Expected Improvement for Bayesian Optimization: A Derivation

In this post, we derive the closed-form expression of the Expected Improvement $($EI$)$ criterion commonly used in Bayesian Optimization.

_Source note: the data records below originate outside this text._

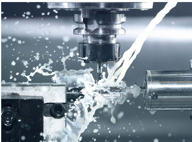
Close up of CNC machine at work using one of our metal cutting fluids

The water dilutable cutting fluid EMULCUT 160, is frequently used in aerospace manufacturing processes. It is especially used for materials that are difficult to machine for example aircraft aluminium, titanium and nickel based alloys. This high performance product ensures an excellent buffer system and thus provides an exceptionally long service life, while being stain free on sensitive 6000 and 7000 series alloys. One of our neat oils in the ISOCUT series offers a high lubricating performance especially with difficult materials, and significantly reduces tool wear. The product is successfully used by bearing manufacturers. The grinding and honing oil has a high flash point and low evaporation rate.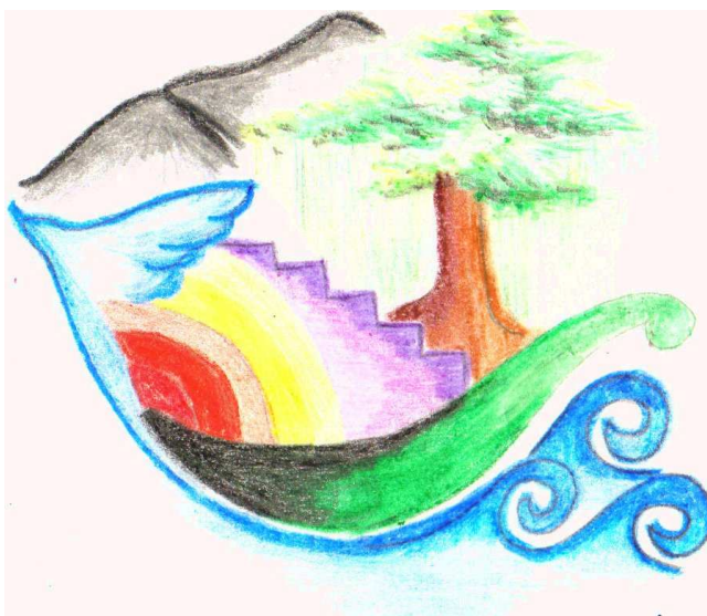
Artwork by a student from the Philippines who spent three-days at PLC with fifty other Christian and Muslim youth from Mindanao—a place that suffers from interfaith struggles with Al Qaeda.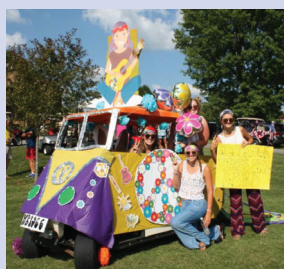
Woodson Bendiest 2nd Place The Brokamp Family Unit #36-2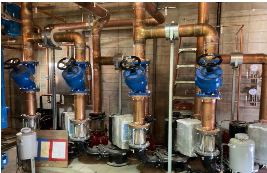
BOILER ROOM AND CHILLER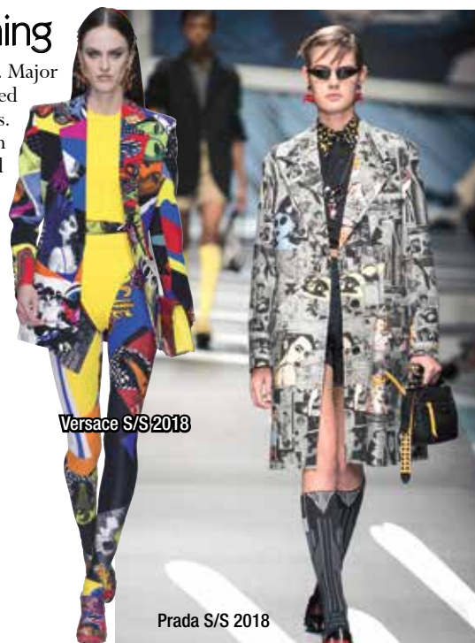
Versace S/S 2018

Life imitates art in this upcoming trend. Major fashion powerhouses included art infused prints in their S/S 2018 runway shows. Their widespread prevalence in fashion shows makes us believe that this trend will be rocked by many celebrities and online influencers come 2018.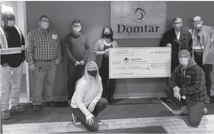
Photo - The Domtar Mill in Espanola officially kicked off the 9th Annual Christmas Radiothon for the Espanola Regional Hospital Foundation with a $15,000 donation presented on Monday, November 23rd.

Elliot Lake and Espanola Moose stations joined their other sister stations across Northeastern Ontario in radiothons to help a variety of charitable causes.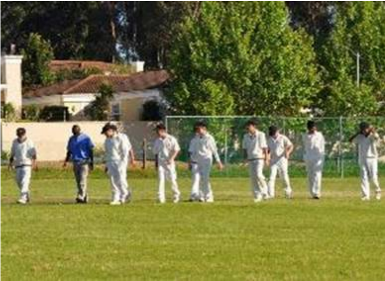
Bosch U14B about to start the match after a warm up.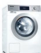
Little Giant PWM 507 [EL DV]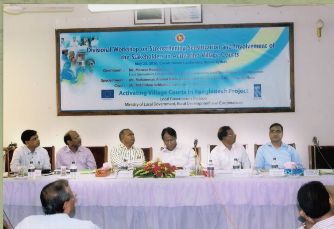
Awareness & involvement of stakeholders' workshop on village courts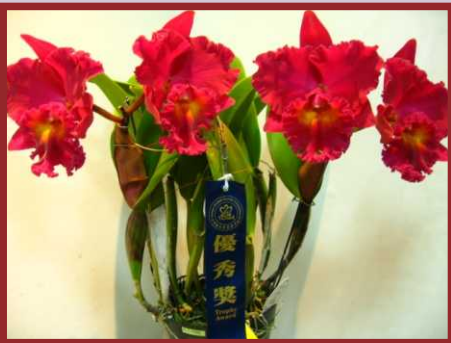
AJW-11029 Rsc. Armani 'Red Dragon' SM/TOGA Flower Size: 16cm Flowers: 2 Flowering: N/A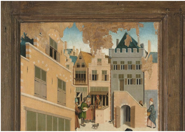
Figure 2. Master of Alkmaar, Polyptych with the Seven Works of Charity , 1504 (detail). Amsterdam, Rijksmuseum, SK-A-2815.

historical processes into a binary ‘before and after’, for example by pinpointing numerous ‘important continuities and overlaps’. 21 In a similar vein, Susanne Rau and Gerd Schwerdhoff have crafted a new definition of public spaces ( öffentliche Räume ) in the late medieval and early modern period: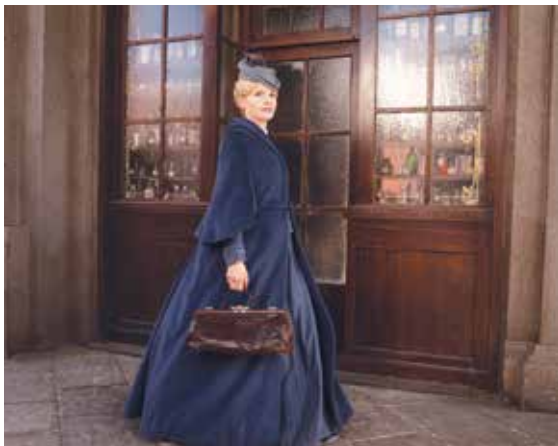
SEVERIDIAN, MISS SCARLET LIMITED & MASTERPIECE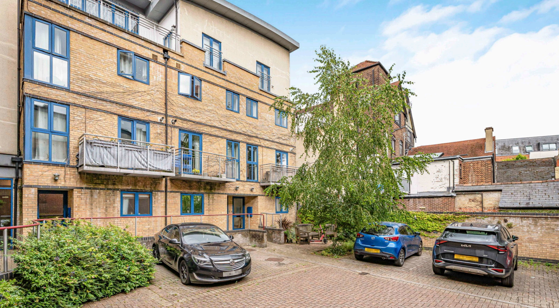
The Galleries, Dovecot Road, High Wycombe, HP13 5HR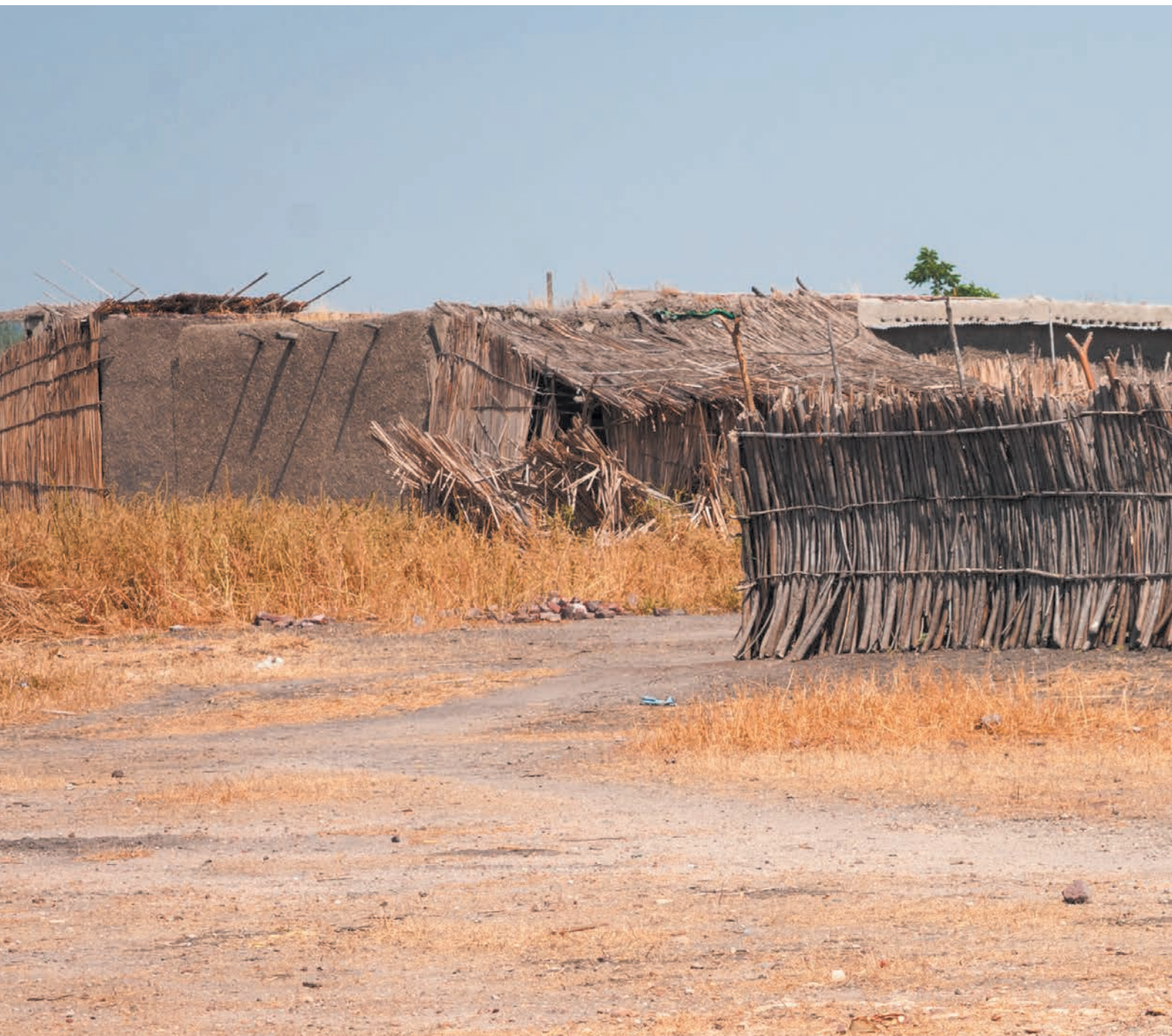
Girl with ICRC jerry can in the near Renk, South Sudan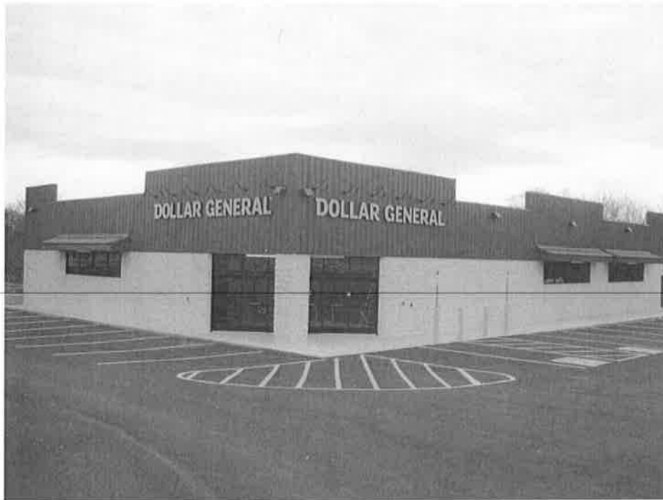
Dollar General Store #15888 3613 E. Lamar Alexander Parkway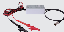
Live Cable Connector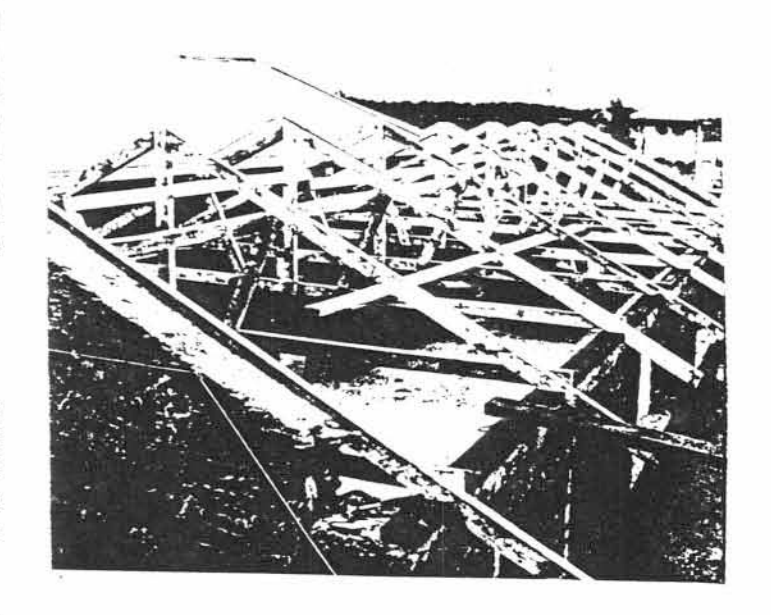
Halfway Through The Project

We subdivided into four teams, roofers. bricklayers, plumbers and electricians (I was a bricklayer) and set about our designated tasks. Our days started at 6.00am, up before dawn and a wash in cold Usually a wash consisted of water. Then breakfast, a brushing our teeth! cup of tea and start work at 7.00am. We all worked through until lunch time, 1.00pm, when we stopped for a couple of hours as the Midday Sun was too hot to work in. Start again at 3.00pm and work until 6.00pm when dinner would be ready. Time for a quick wash and then around the camp fire to sum up the day socialise. I've learnt many new camp fire songs, all excellent, but most unfit for print!

Modelled with a Gaussian Process, the function value at a given point $x$ can be considered as a normal random variable with mean $\mu$ and variance $\sigma^2$. Given the best $($minimum in a minimization setup$)$ function value obtained so far-let’s denote it by $f^*$:

we are interested in quantifying the improvement over $f^*$ we will have if we sample a point $x$ . Mathematically, the improvement at $x$ can be expressed as follows

$I(x) = \max(f^* - Y,0)$

where $Y$ is the random variable $\sim \mathcal{N}(\mu, \sigma^2)$ that corresponds to the function value at $x$. Since $I$ is a random variable, one can consider the average $($expected$)$ improvement $($EI$)$ to assess $x$:

$EI(x) = E_{Y\sim \mathcal{N}(\mu, \sigma^2)}[I(x)]$

With the reparameterization trick, $Y=\mu + \sigma \epsilon$ where $\epsilon\sim\mathcal{N}(0,1)$, we have:

$EI(x) = E_{\epsilon\sim \mathcal{N}(0,1)}[I(x)]$

which can be written as $($from linearity of integral, and the definition of $\frac{d}{d\epsilon}e^{-\epsilon^2 / 2}$ derivative $)$

$EI(x) = \int_{-\infty}^{\infty} I(x) \phi(\epsilon) d\epsilon$ $EI(x) = \int_{-\infty}^{(f^*-\mu)/\sigma} (f^* - \mu - \sigma \epsilon) \phi(\epsilon) d\epsilon$ $EI(x)= (f^* - \mu)\Phi(\frac{f^*-\mu}{\sigma}) - \sigma \int_{-\infty}^{(f^*-\mu)/\sigma} \epsilon \phi(\epsilon) d\epsilon$ $EI(x)=(f^* - \mu)\Phi(\frac{f^*-\mu}{\sigma}) + \frac{\sigma}{ \sqrt{2\pi}} \int_{-\infty}^{(f^*-\mu)/\sigma} (-\epsilon) e^{-\epsilon^2/2} d\epsilon$ $EI(x)=(f^* - \mu)\Phi(\frac{f^*-\mu}{\sigma}) + \frac{\sigma}{ \sqrt{2\pi}} e^{-\epsilon^2/2}|_{-\infty}^{(f^*-\mu)/\sigma}$ $EI(x)=(f^* - \mu)\Phi(\frac{f^*-\mu}{\sigma}) + \sigma \big(\phi(\frac{f^*-\mu}{\sigma}) - 0\big)$ $EI(x)=(f^* - \mu)\Phi(\frac{f^*-\mu}{\sigma}) + \sigma \phi(\frac{f^*-\mu}{\sigma})$

where $\phi, \Phi$ are the PDF, CDF of standard normal distribution, respectively.